**WHAT THIS TASK INVOLVES**. The data below contains pictures, which are to be skipped; the lines starting at the line with "奴隶农业在古罗马的粮食生产中" and ending at the line with "Granatowa Bawełniana Sukienka" are to be output exactly, both ends included.

**RECORD EXTRACTS**.
════════════════
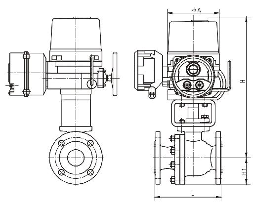 ◆電動(dòng)O型切斷球閥 外形尺寸:
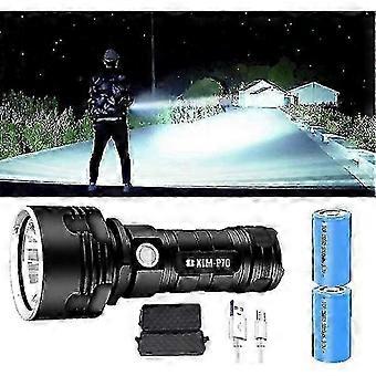 3000-10000 Lumens P70 LED Flashlight - Ultra Bright Rechargeable High Performance Strong Light with Fixed Focus & Long Range - Black
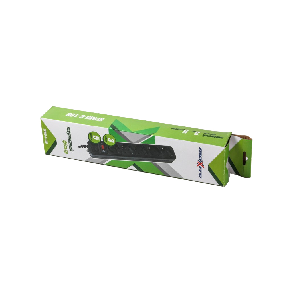 Сетевой фильтр питания MAXXTRO SPM5-G-10B чорний, 3 м кабель, 5 розеток (SPM5-G-10B) - это надежное устройство, которое защитит компьютерную и офисную технику от помех, перегрузок и короткого замыкания. Корпус выполнен из ударостойкого пластика и имеет сетевой кабель и вилку евростандарта, а также 5 универсальных розеток c заземлением (Euro). На фильтре установлен светодиодный выключатель и имеются отверстие для крепления к стене. Фильтр гарантирует моментальную реакцию на короткое замыкание и превышение максимально допустимой мощности. Характеристики
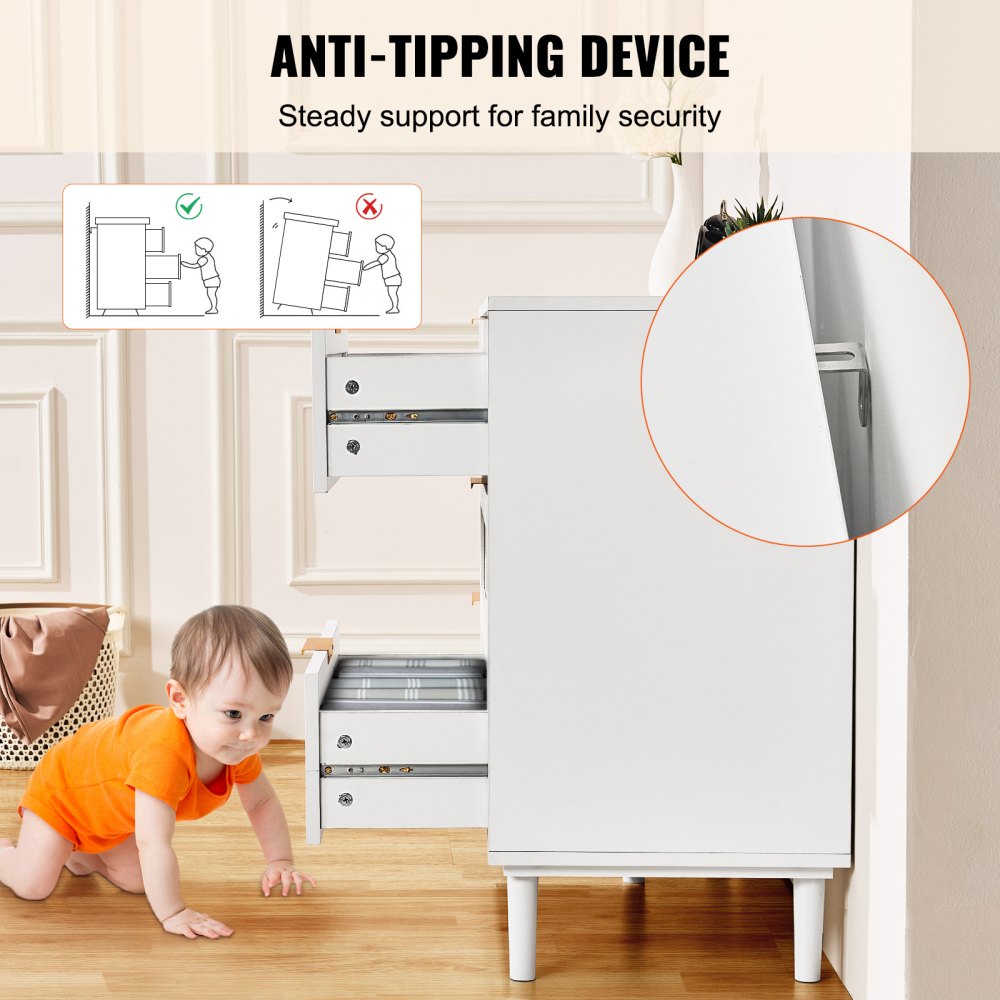 Additionally, the safety-conscious design includes an anti-tip device, and the smooth metal drawer sliders ensure effortless access to your items This dresser seamlessly blends with various interiors, providing stylish storage while making your essentials easily reachable.
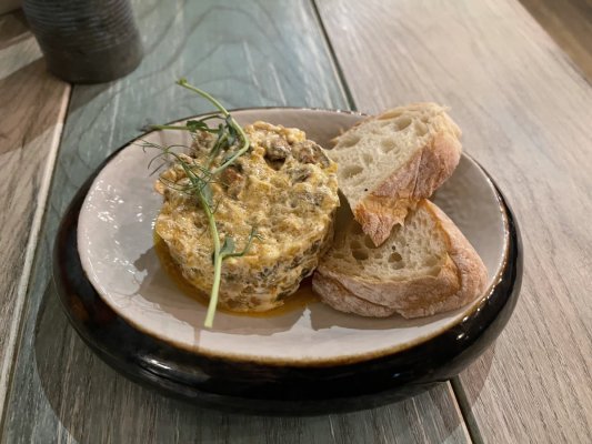 Замовив тартар з мідіями. Подача цікава, гарний дорогий посуд. На смак так собі, підсмажені мідії з цибулею, томатами та додаванням майонезу. Жирна страва вийшла. Не зрозумів яке це має відношення до тартару. Більш схоже на салат або другу страву. Але все ж таки непогано, який українець не любить багато майонезу )
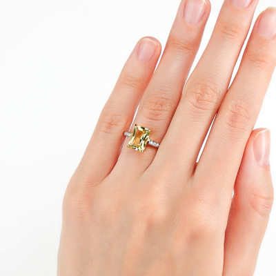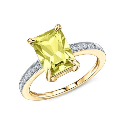 Кольцо с 6 бриллиантами природными, 0.04 карат, огранка круг 57 граней, цвет 3, чистота 6, тип огранки А; 6 бриллиантами природными, 0.02 карат, огранка круг 17 граней, цвет 2, чистота 2, тип огранки А; 1 кварцем лимонным природным, 2.26 карат; Желтое золото 585 пробы.
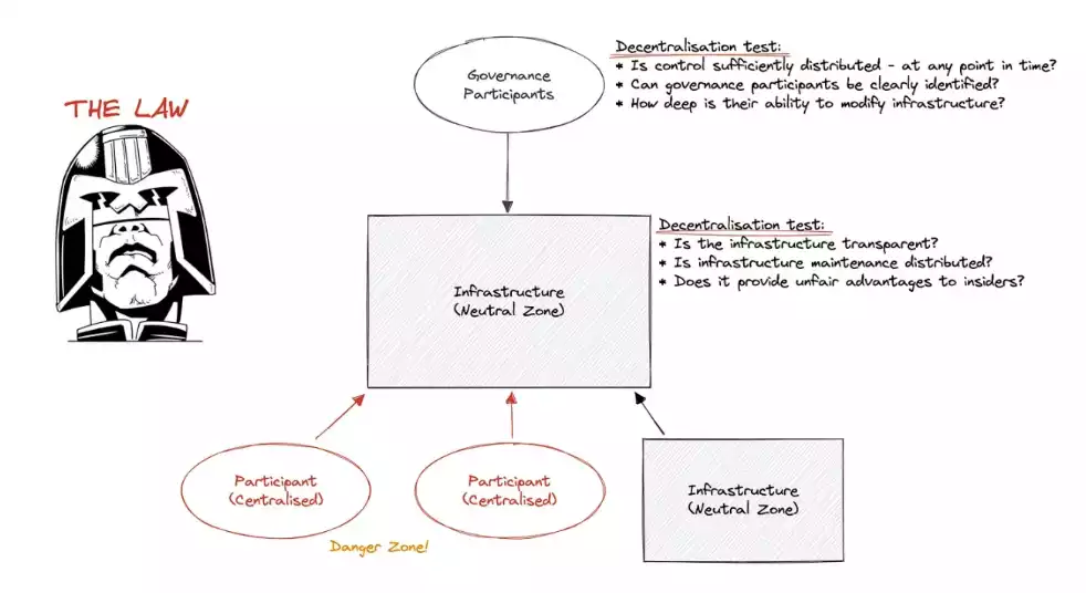 分析师很可能会意识到,假设 A 和 B,DeFi 中活跃的大多数协议都没有通过 C。在任何形式良好的定义下,很少有协议是去中心化的。对于大多数加密项目来说,权力下放是一种错觉或掩饰。但让我们假设 C 是满足的,然后继续。
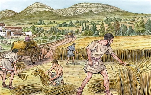 奴隶农业在古罗马的粮食生产中起到了关键的作用,大量的奴隶被用于农田的耕作、播种、收割和处理农作物。
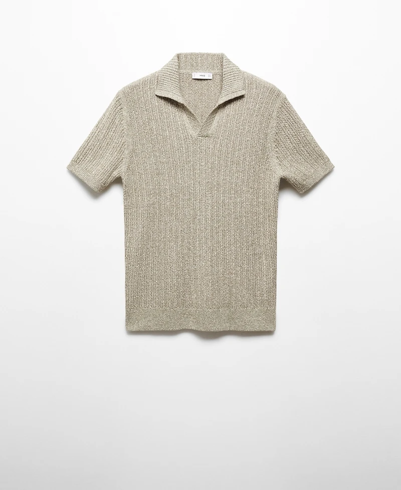 This Marbled Cotton Knit Polo Shirt from Mango is made from cotton-blend fabric and features flecked and cable knit design, polo-neck with button closure, short sleeve, and contrast ribbed finishes on collar, sleeves and bottom hem, and straight hem.
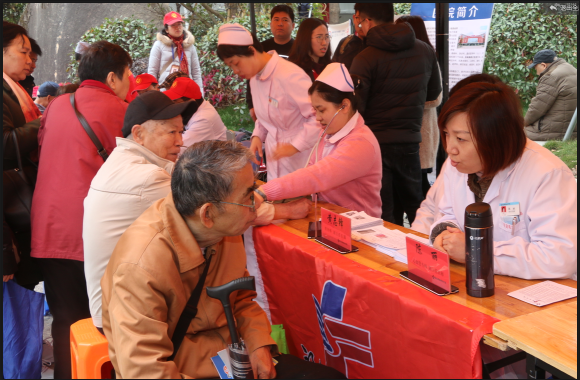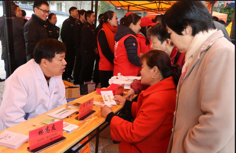 ▲ 我院志愿者們?yōu)榍皝?lái)咨詢的居民量血壓、測(cè)血糖、健康指導(dǎo)
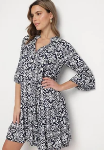 Granatowa Bawełniana Sukienka Rozkloszowana z Falbanką w Ornamentalny Wzór Laneloren
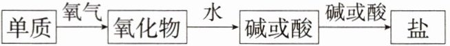 C 铜和氧气在加热的条件下生成氧化铜,氧化铜不能和水反应,A错误;镁和氧气在点燃的条件下生成氧化镁,氧化镁不能和水反应,B错误;碳和氧气在点燃的条件下生成二氧化碳,二氧化碳和水反应生成碳酸,碳酸和氢氧化钠反应生成碳酸钠和水,C正确;铁和氧气在点燃的条件下生成四氧化三铁,四氧化三铁不能和水反应,D错误。
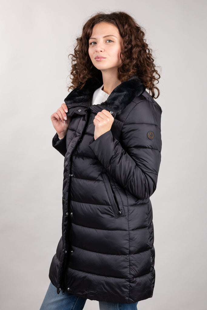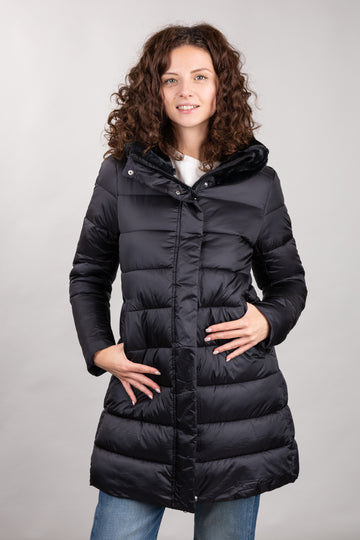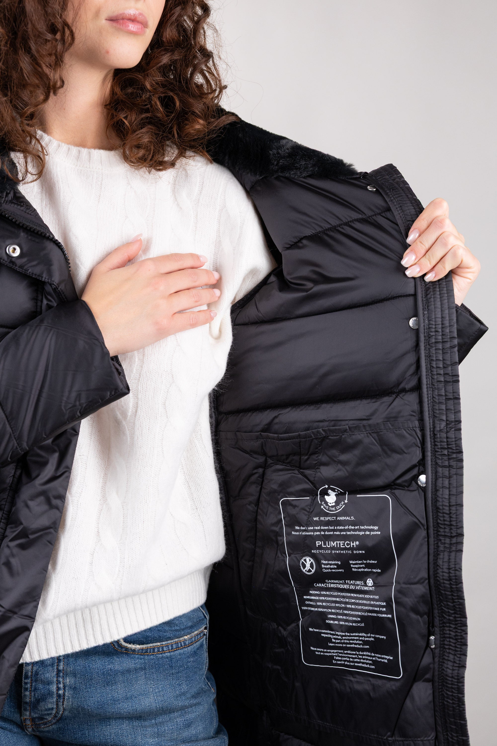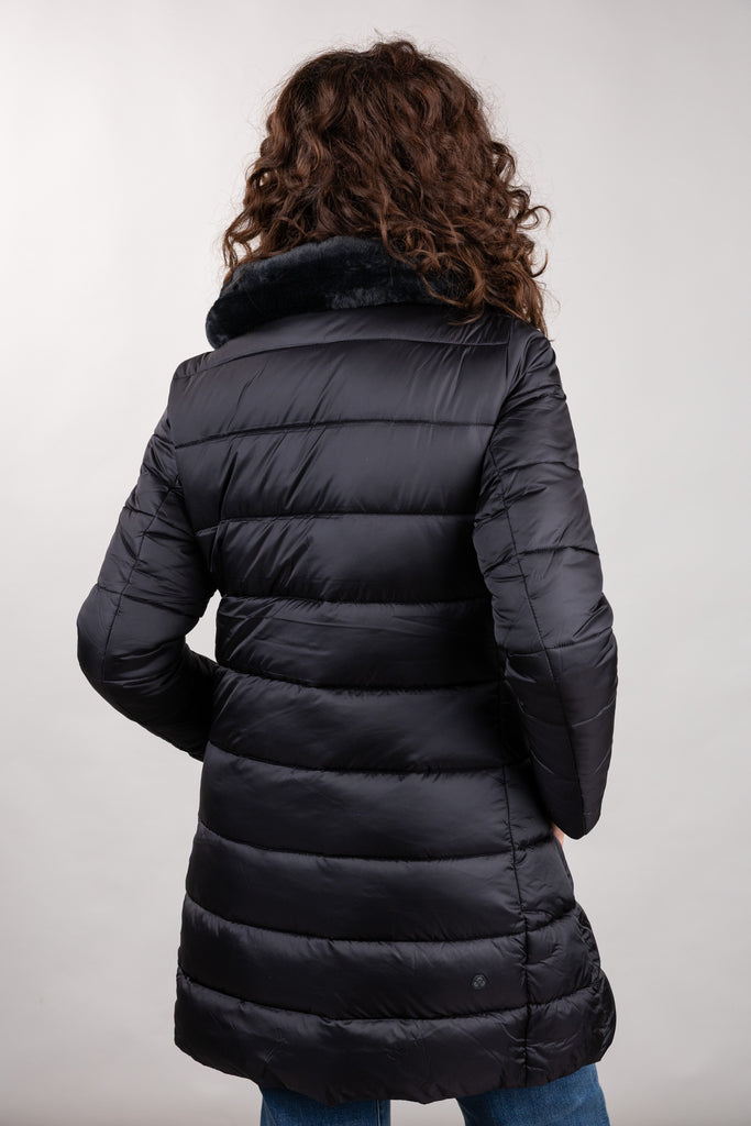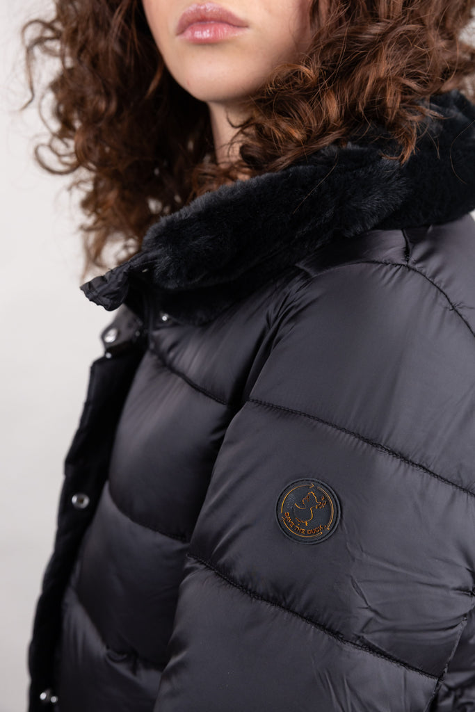 Il piumino Dalea si distingue per la linea ad A e il collo alto in pelliccia sintetica en pendant. Il modello trapuntato e imbottito si chiude con una zip a doppio cursore nascosta da una patta con bottoni per un look pulito e lineare. Il logo tono su tono completa la manica con un inconfondibile dettaglio Save The Duck.
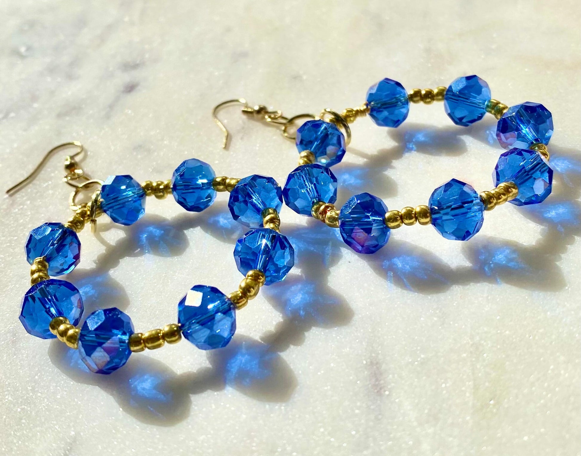 Sapphire blue crystal hoops | sparkly blue and gold chandbali style earrings | beaded gold hoops | dangle earrings | bright blue rhinestones
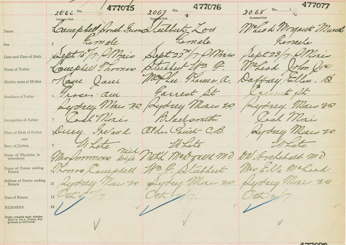 Female Birth Registration: Year: 1917 number: 47700075
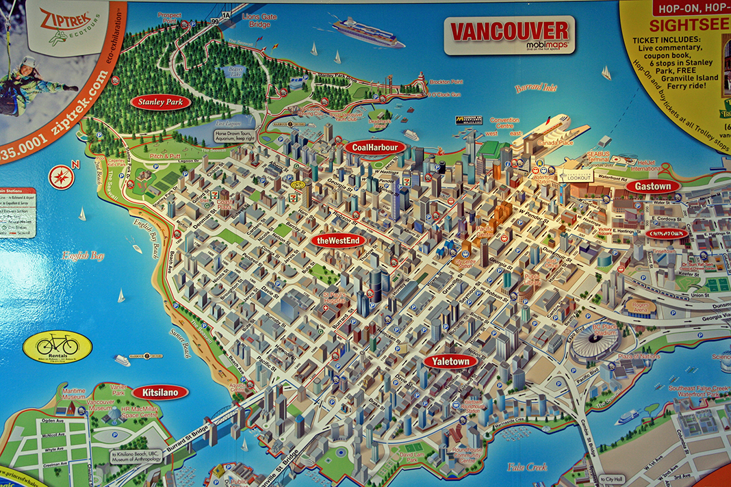 Erich und ich glauben, dass es immer die beste Möglichkeit ist, bei einem ersten Besuch relativ einfach, einen ersten Überblick über die Stadt zu bekommen. In diesem Fall war nur ich zum ersten Mal in Vancouver, denn Erich war schon dreimal in der Stadt und erzählte mir, dass sie 1976 noch charmanter war.
════════════════
**SOLUTION**.
 奴隶农业在古罗马的粮食生产中起到了关键的作用,大量的奴隶被用于农田的耕作、播种、收割和处理农作物。
 This Marbled Cotton Knit Polo Shirt from Mango is made from cotton-blend fabric and features flecked and cable knit design, polo-neck with button closure, short sleeve, and contrast ribbed finishes on collar, sleeves and bottom hem, and straight hem.
 ▲ 我院志愿者們?yōu)榍皝?lái)咨詢的居民量血壓、測(cè)血糖、健康指導(dǎo)
 Granatowa Bawełniana Sukienka Rozkloszowana z Falbanką w Ornamentalny Wzór Laneloren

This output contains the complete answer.